Table 1. Patient demographics of confirmed spinal CSF leak patient cohort (cohort 1)

Diagnosis

The mean age of the participants at the time of diagnosis was 41.68 (SD: 10.37) years. The median duration of spinal CSF leak symptoms was 2–4 years. The majority of patients (88.3%) had seen at least four different healthcare providers since the start of their symptoms. Most respondents had seen a neurologist (94.2%), followed by a family physician (89.32%), emergency physician (85.44 %), anesthesiologist/pain physician (77.67%) and neurosurgeon (61.17%). Only half of the cohort had seen a “CSF leak specialist” (53.40%), defined as a specialist with expertise in this area. The median wait time to see a CSF leak specialist was between 6 and 12 months. Over 30% of participants indicated to have visited the emergency room (ER) more than five times since the start of illness (median number of ER visits 2–4). Data suggest that most respondents had been given their spinal CSF leak diagnosis by a neurologist (41.75%), followed by a neurosurgeon (10.68%), ER physician (8.74%), anesthesiologist/pain physician (7.77%), (neuro)radiologist (7.77%) and primary care practitioner (6.80%). The median wait time from symptom onset to receiving a spinal CSF leak diagnosis was 6–12 months (Figure 2).

Figure 2. Median wait time from symptom onset to spinal CSF leak diagnosis in cohort 1 (n = 103).

Type of leak

Most respondents had been diagnosed with spontaneous spinal CSF leak or SIH (68.62%), with the remainder diagnosed with non-spontaneous (traumatic or iatrogenic) (31.38%) spinal CSF leaks. Of the respondents diagnosed with SIH, ventral dural tears were the most commonly reported type of leak (19.8%), followed by CSF-venous fistulas (12.87%), distal nerve root tears (1.98%) and proximal nerve root tears (0.99%). Most respondents (64.36%) however were unaware of the type of their leak. A small proportion of respondents suffered from a connective tissue disorder, such as Ehlers–Danlos syndrome (14.85%) and Marfan syndrome (2.97%).

Investigations

Respondents indicated that their diagnosis was made by means of an MRI of the brain with or without contrast (56.31%) and/or full spine MRI (49.51%) and/or CT/MR myelography (31.07%) and/or digital subtraction myelography (DSM) (25.24%). Only a small minority of respondents had needed radionuclide cisternography (8.74%). Of the cohort, 42.72% indicated not to have received any type of invasive imaging techniques (such as DSM) (Figure 3). The median wait times were as follows: for brain MRI, 30 days (IQR: 115, range: 0–730 days); for spinal MRI, 30 days (IQR: 115, range: 0–730 days); for CT/MR myelography, 91 days (IQR: 237, range: 2–730 days); for DSM, 114 days (IQR: 564, range: 11–9125 days); for radionuclide cisternography, 61 days (IQR: 178, range: 0–365 days); and for diagnosis to be made based on clinical history, 183 days (IQR: 228, range: 0–1095 days).

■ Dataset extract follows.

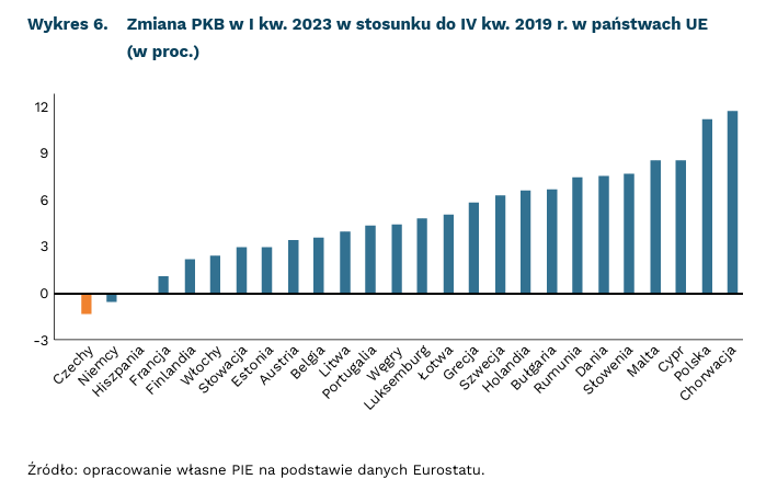 Czechy najsłabiej w UE radziły sobie od czasu pandemii COVID-19 pod względem wzrostu gospodarczego. W I kw. 2023 r. gospodarka była mniejsza o 1,2 proc. Zdecydowanie niższe też były wydatki konsumpcyjne gospodarstw domowych – łącznie zmalały o 4,2 proc. Znacząco spadły wydatki gospodarstw domowych – wyniki są słabsze o 9,2 proc. niż przed pandemią. Jedynie po części rekompensował to wzrost wydatków publicznych. Spowolnienie miało niewielkie skutki dla rynku pracy – stopa bezrobocia w badaniach ankietowych wynosi 2,7 proc. – analogicznie jak w Polsce.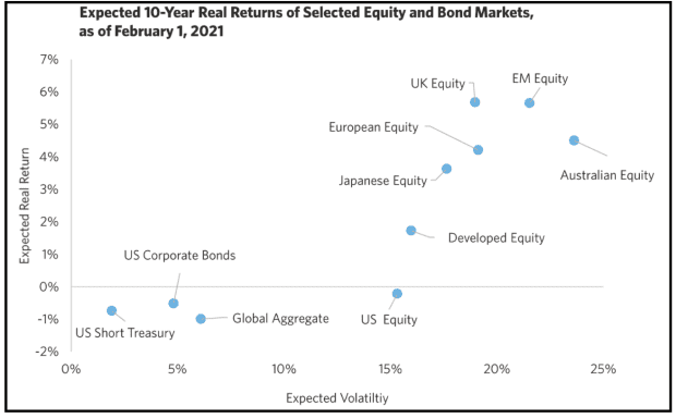 “U.K. equities stand out as offering one of the most attractive risk-return trade-offs, priced to return a notch higher than EM equities with significantly lower volatility,” Arnott said. “Both U.K. and EM value stocks may prove to be the trades of the decade,” he added.

Figure 3. Frequency table of the different imaging techniques used to diagnose spinal CSF leak in cohort 1 (n = 103). DSM = digital subtraction myelography.

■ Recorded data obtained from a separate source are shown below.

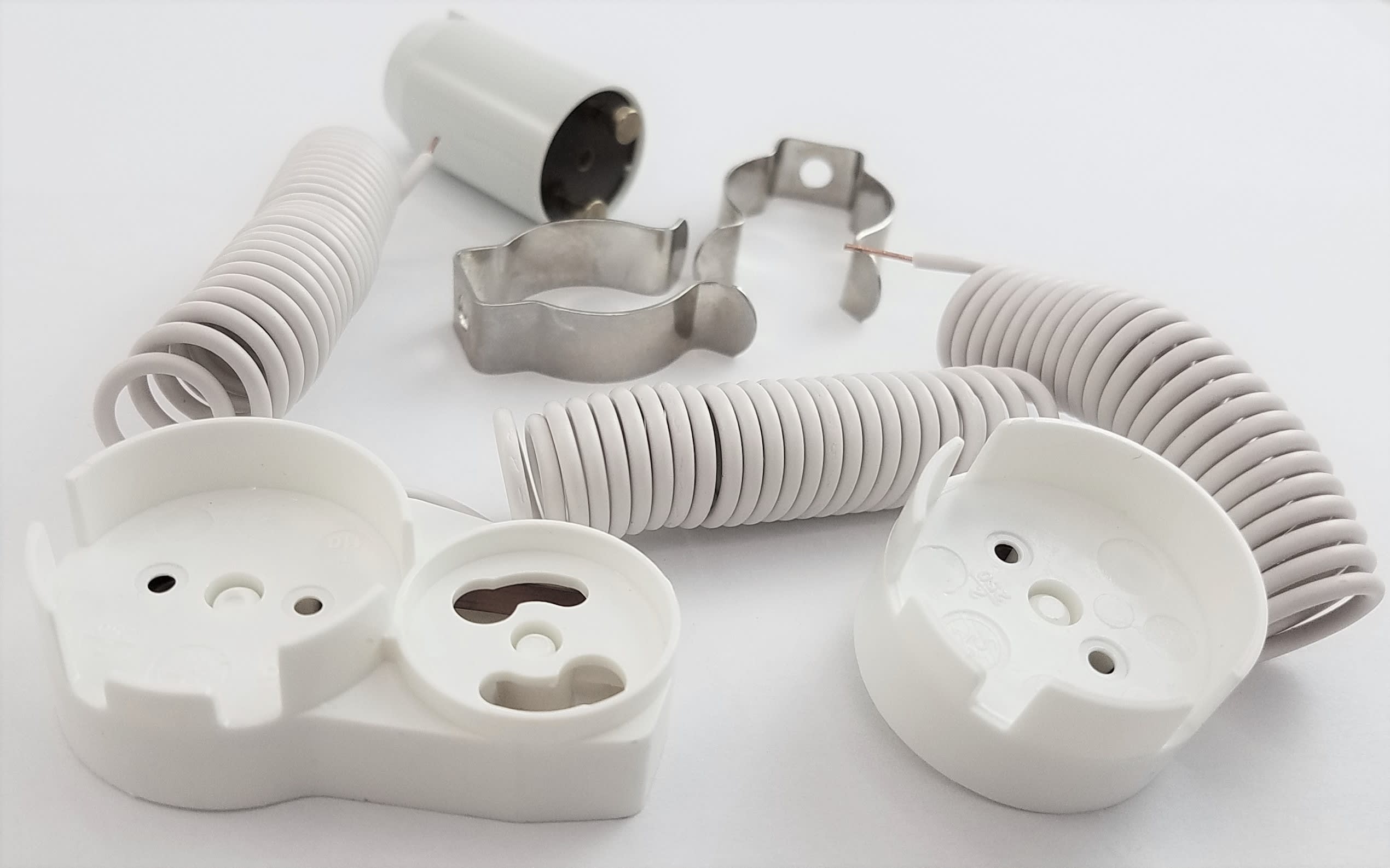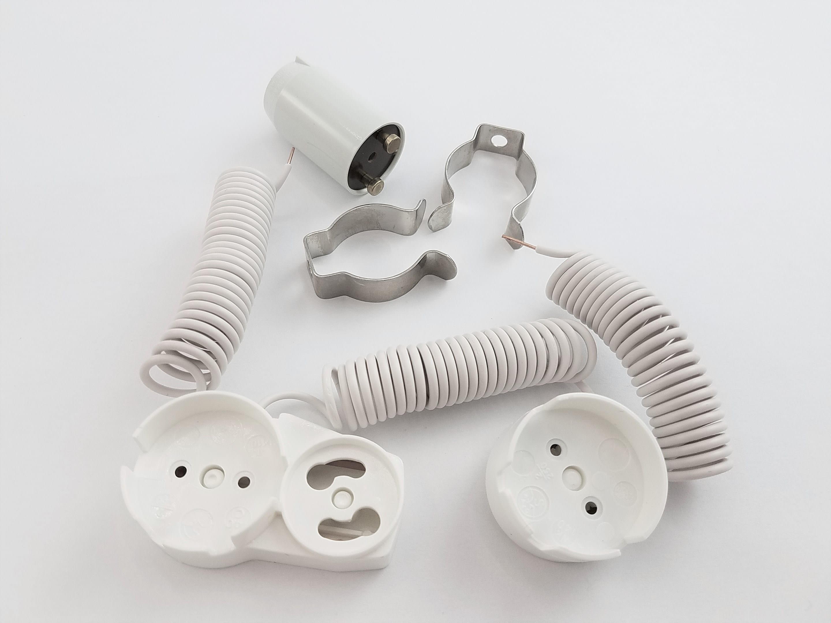 Kit précablé complet pour tube fluo G13/T8-T12 de puissance 14 à 30W. Inclus : clips, douilles, starter ST111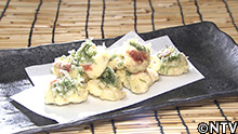 梅干しと紫蘇の身の間に挟み、天ぷら粉をつけて油で揚げた『梅紫蘇天』。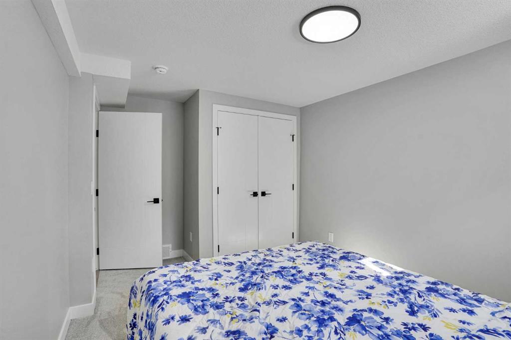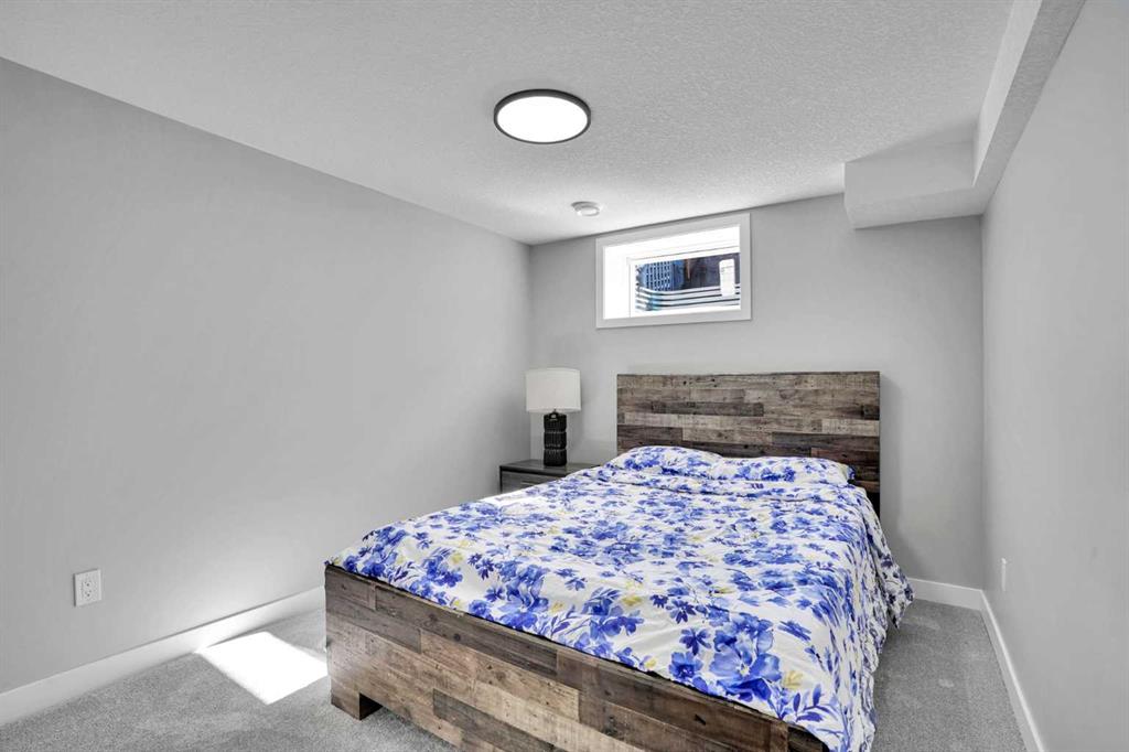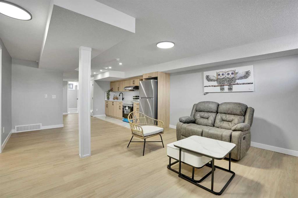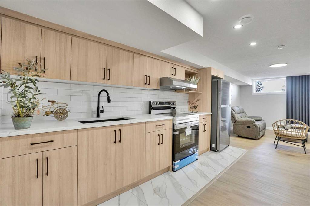 The fully finished basement legal suite features a separate entrance, two spacious bedrooms, a modern kitchen with stainless steel appliances, a 4-piece bathroom, and a large recreation/living area with large windows, offering excellent functionality and income potential.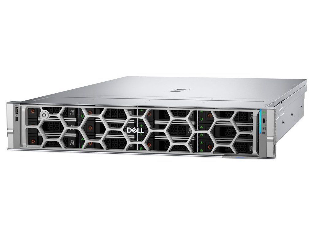 Server disponuje 32 GB DDR5 RAM s rychlostí 6400 MT/s a 960 GB SSD SATA diskem pro rychlý přístup k datům. Systém je vybaven pokročilým RAID kontrolérem PERC H965i pro ochranu dat a redundantními hot-swap zdroji 2× 1100 W s certifikací Titanium pro maximální spolehlivost a energetickou účinnost.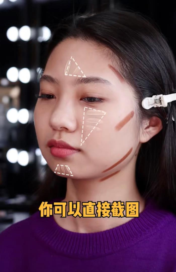 首先,修容的同时要伴随提亮。提亮时,额头以三角形晕染开;眼下呈长倒三角形,拉长中庭;下巴提亮走势应往下拉,会有让下巴变尖的效果。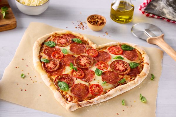 night at home, complete with wine, seafood, side dishes and maybe a heartshaped homemade pizza bundle
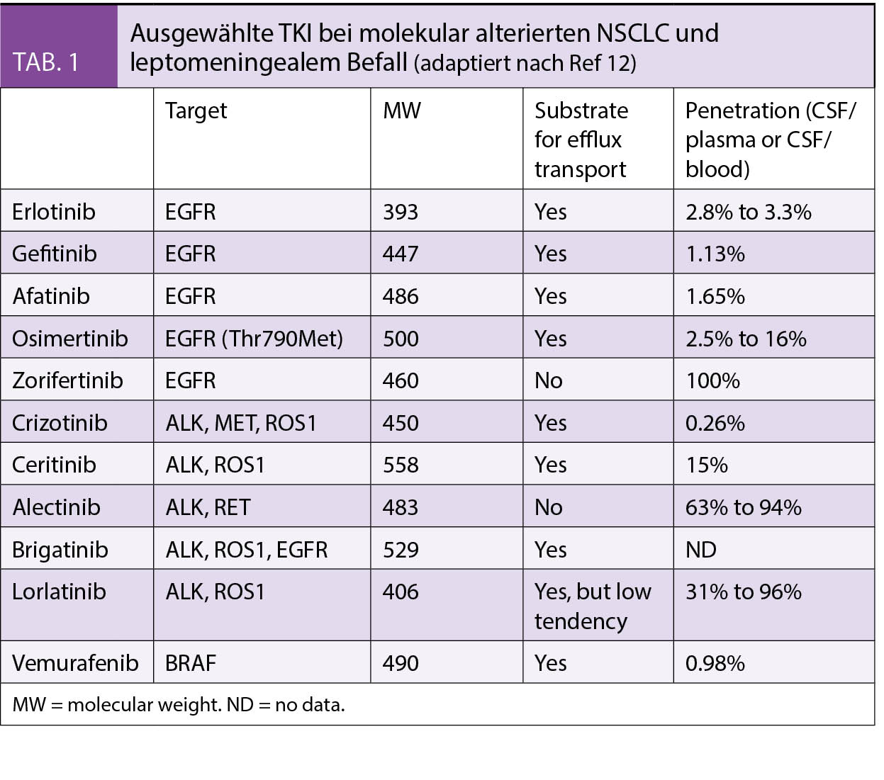 ZNS wirksam sind zielgerichtete TKI mit einem kleinen Molekulargewicht (400-500 D) und fehlender Abhängigkeit vom Efflux-Transporter P-Glykoprotein (Pgp). (Tab. 1) (12)

The centers where respondents received specialized imaging in Canada were Toronto (n = 25), Calgary (n = 7), Vancouver (n = 4) and Saskatchewan (n = 3). Approximately one-fifth of the specialized imaging was performed in the USA: Cedars Sinai (n = 10), Duke University (n = 7), Mayo Clinic (n = 3) and Stanford (n = 1). One patient received imaging in Germany.

Treatment and follow-up

Conservative treatment had only been effective in nine respondents (8.74%). Eighty-seven out of 103 respondents had received interventional treatment at the time of the survey. The median wait time between obtaining a diagnosis and the start of interventional treatment ranged from 1 to 3 months. Interventional treatment listed by respondents included EBP (n = 77), fibrin glue patch (n = 16), endovascular embolization, and surgery.

Of the 87 respondents receiving these interventional treatments, 43.68% (38 of 87) had sustained resolution of symptoms, 34.48% (30 of 87) had temporary resolution of symptoms and 21.84% (19 of 87) had no change of symptoms. Subsequently, 56.32% (49 of 87) of the respondents who had received interventional treatment were still suffering from their ongoing spinal CSF leak symptoms at the time of the survey. Of those who were successfully treated, the median time between symptom onset and successful treatment was between 6 and 12 months.

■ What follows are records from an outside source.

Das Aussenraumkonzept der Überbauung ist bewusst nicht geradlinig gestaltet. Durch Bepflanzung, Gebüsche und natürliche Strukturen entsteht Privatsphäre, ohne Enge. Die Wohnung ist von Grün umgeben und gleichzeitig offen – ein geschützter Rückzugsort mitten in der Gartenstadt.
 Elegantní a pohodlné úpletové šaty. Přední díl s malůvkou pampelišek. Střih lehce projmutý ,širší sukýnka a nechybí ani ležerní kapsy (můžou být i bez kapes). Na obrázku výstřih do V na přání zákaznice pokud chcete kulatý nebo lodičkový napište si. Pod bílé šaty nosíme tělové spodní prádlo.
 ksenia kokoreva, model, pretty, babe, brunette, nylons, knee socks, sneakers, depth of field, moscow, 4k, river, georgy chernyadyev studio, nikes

Sixty-eight respondents indicated to have had temporary or sustained relief of symptoms with interventional treatment. Of those, 27 respondents reported to have felt temporary (26%) or sustained (63%) effect from blood patching. Seventy-seven respondents reported that they had received one (31%), two (20%) or three or more (49%) blood patches (Figure 4). Of the patients who had received one EBP, 44% had sustained resolution of symptoms, 30% had temporary resolution and 26% had no change. Of the respondents who had received two EBPs, 62% had sustained resolution, 23% had temporary resolution and 15% had no change. Of the respondents who had received three or more EBPs, 46% had sustained resolution, 41% had temporary resolution and 13% had no change of symptoms. The median number of blood patches received in this cohort was two. Interestingly, the respondents who only had temporary relief from blood patching indicated to also have failed other subsequent interventional treatments.

Figure 4. Outcomes after epidural blood patch (EBP) in cohort 1 (n = 103).

Some respondents (n = 8) previously failing up to three blood patches indicated to have received sustained relief from fibrin glue patching. Sixteen respondents reported that they had received one (50%), two (31%) or three or more (19%) fibrin glue patches. Of the respondents who had received one fibrin glue patch, 63% had sustained resolution of symptoms, 12% had temporary resolution, and 25% had no change. Of the respondents who had received two fibrin glue patches, 40% had sustained resolution of symptoms, another 40% had temporary resolution of symptoms, and 20% had no change of symptoms. Of the respondents who had received three or more fibrin glue patches, 67% had sustained resolution of symptoms, and 33% had temporary resolution of symptoms. The median number of fibrin glue patches received in this cohort was one.

Endovascular embolization had given permanent relief of symptoms in 3 respondents. Eighteen respondents indicated to have had surgical treatment for their CSF leak, with 61% indicating to have permanent relief. Unfortunately, data on partial or temporary relief of symptoms following embolization or surgery were not collected.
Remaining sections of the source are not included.